Paths of Glory (1957)
Written by Stanley Kubrick, Calder Willingham, & Jim Thompson
Directed by Stanley Kubrick
The boast of heraldry, the pomp of pow’r,
And all that beauty, all that wealth e’er gave,
Awaits alike th’inevitable hour.
The paths of glory lead but to the grave.
– “Elegy Written in a Country Churchyard,” Thomas Gray
When Paths of Glory was released in 1957, it was banned in France until 1975. Germany refused to allow it in the Berlin Film Festival lest the picture strain relations with France. Francisco Franco’s right-wing fascist government in Spain would not allow the movie to be shown, and it wasn’t until 1986, 11 years after Franco died. And lest we let the United States off the hook, Paths of Glory was banned from being shown in any military establishment. All this does is speak to the power of the themes of the picture, Kubrick’s first great anti-war film.
Based on a true story, the narrative follows Colonel Dax (Kirk Douglas) as he leads his soldiers against the Germans during World War I. They are dug into the trenches and making slow progress of gaining yards at a time. This is not enough for the French General Staff and the demand that General Mireau orders Dax to send his men over the trenches to claim a German position nicknamed “the Anthill.” Everyone involved admits this will be a suicide mission, but they need to give the French people a boost of morale. The day of the attack comes, and Dax’s troops are massacred with one unit refusing to even leave the trenches. Mireau orders his own people to be fired upon but is denied. When the dust settles, Mireau demands a court-martial, and it’s decided that three random soldiers will be offered up as an example to the others. Dax realizes he can no longer stomach what is happening and tries to stop the mindless cult of nationalism and war before it kills his men.

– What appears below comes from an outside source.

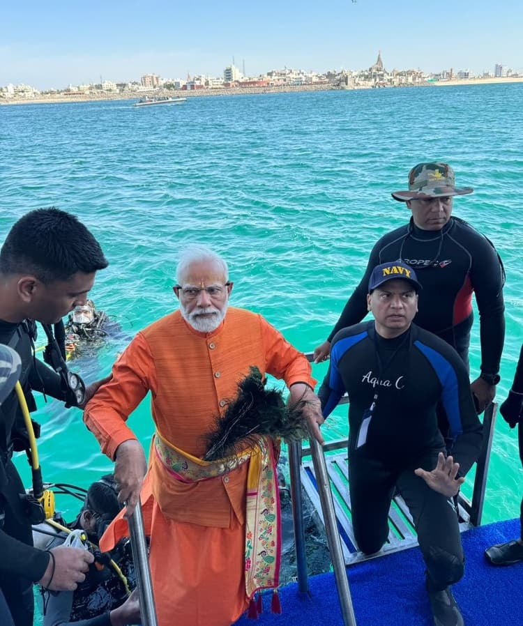 Narendra Modi: पीएम मोदी ने गहरे समुद्र में पानी के अंदर जाकर उस स्थान पर प्रार्थना की जहां जलमग्न द्वारका शहर है.

Stanley Kubrick had read the novel that inspired the film when he was younger and decided to purchase the film rights from the author’s widow. It corresponded with the director’s growing anti-war sentiments when that mindset wasn’t considered fashionable. He was particularly disgusted with the romanticizing of war, aided by propaganda in the media and particularly in movies. Around the time of A Clockwork Orange’s release, Kubrick laid out his thoughts on humanity, saying, “Man isn’t a noble savage, he’s an ignoble savage. He is irrational, brutal, weak, silly, unable to be objective about anything where his own interests are involved – that about sums it up. I’m interested in the brutal and violent nature of man because it’s a true picture of him. And any attempt to create social institutions on a false view of the nature of man is probably doomed to failure.”
Colonel Dax is an attempt at a noble figure who will stand up to institutional evil, and ultimately he loses, forced to send his men back into the grinder because what else can he do? In the hands of a more traditional Hollywood filmmaker, Dax would have saved his men at the last second, but instead, the audience is made to endure the murders of these three soldiers who did nothing wrong. Kubrick makes sure we see how absurd the executions are by having one man suffering a skull fracture so severe that he has to have his cheeks pinched so he’ll be conscious right before he’s murdered by firing squad. A second man collapses into tears, crying out for God and his mother for over a day, sobbing like a child right before he’s slaughtered. The third man was witness to a commanding officer’s cowardice and subsequent accidentally killing of a soldier. This commanding officer “randomly” chooses him to the one offered up, ensuring his crime will be covered.
Kubrick refused to sugarcoat war and focused on portraying it in as bleak as light as was possible at the time. He puts the audience down in the murk of the trenches, focusing on the mental collapse of these young men as they are faced with death no matter which way they turn. As General Mireau tours the trenches, he comes across a man who has obviously had a mental breakdown. When informed by a soldier that this man is “shell shocked,” Mireau scoffs that such a thing does not exist. Later, Dax sits at a lunch table as two generals discuss how excellent the upcoming executions will be for morale. When the Colonel makes a last-ditch move to save his men by throwing Mireau under the bus, the general only gets punished after the firing squad has done its work. Additionally, it’s seen by his superior that Dax was just playing an ambitious game to steal Mireau’s job, a failure to understand his moral outrage.
The core theme of the picture is how institutions allow dangerous ideologies to flourish under the guise of patriotism and honor. Mireau is the perfect picture of that, lamenting in the opening scene how valuable the life of each and every soldier under his command is. Cut to the middle of the film when he is issuing an order to have a frightened unit murdered and then the central conflict of the film, offering three men as sacrificial goats to terrify the others. This is all contrasted in the final scene where a group of French soldiers rowdy and drunk shout for the innkeeper to bring out a German woman he has possibly captured, she most definitely doesn’t look happy to be there. She sings a folksong of which we do not get a translation, but that is the point. The Frenchmen don’t know what she is saying, but her tears and the resonance of her humanity affect them, silencing their chortling and overloading them with emotion. Amid this Hell, Dax begs his men to have a few minutes more, to remember what it feels like not to be on edge thinking about your own death at all times.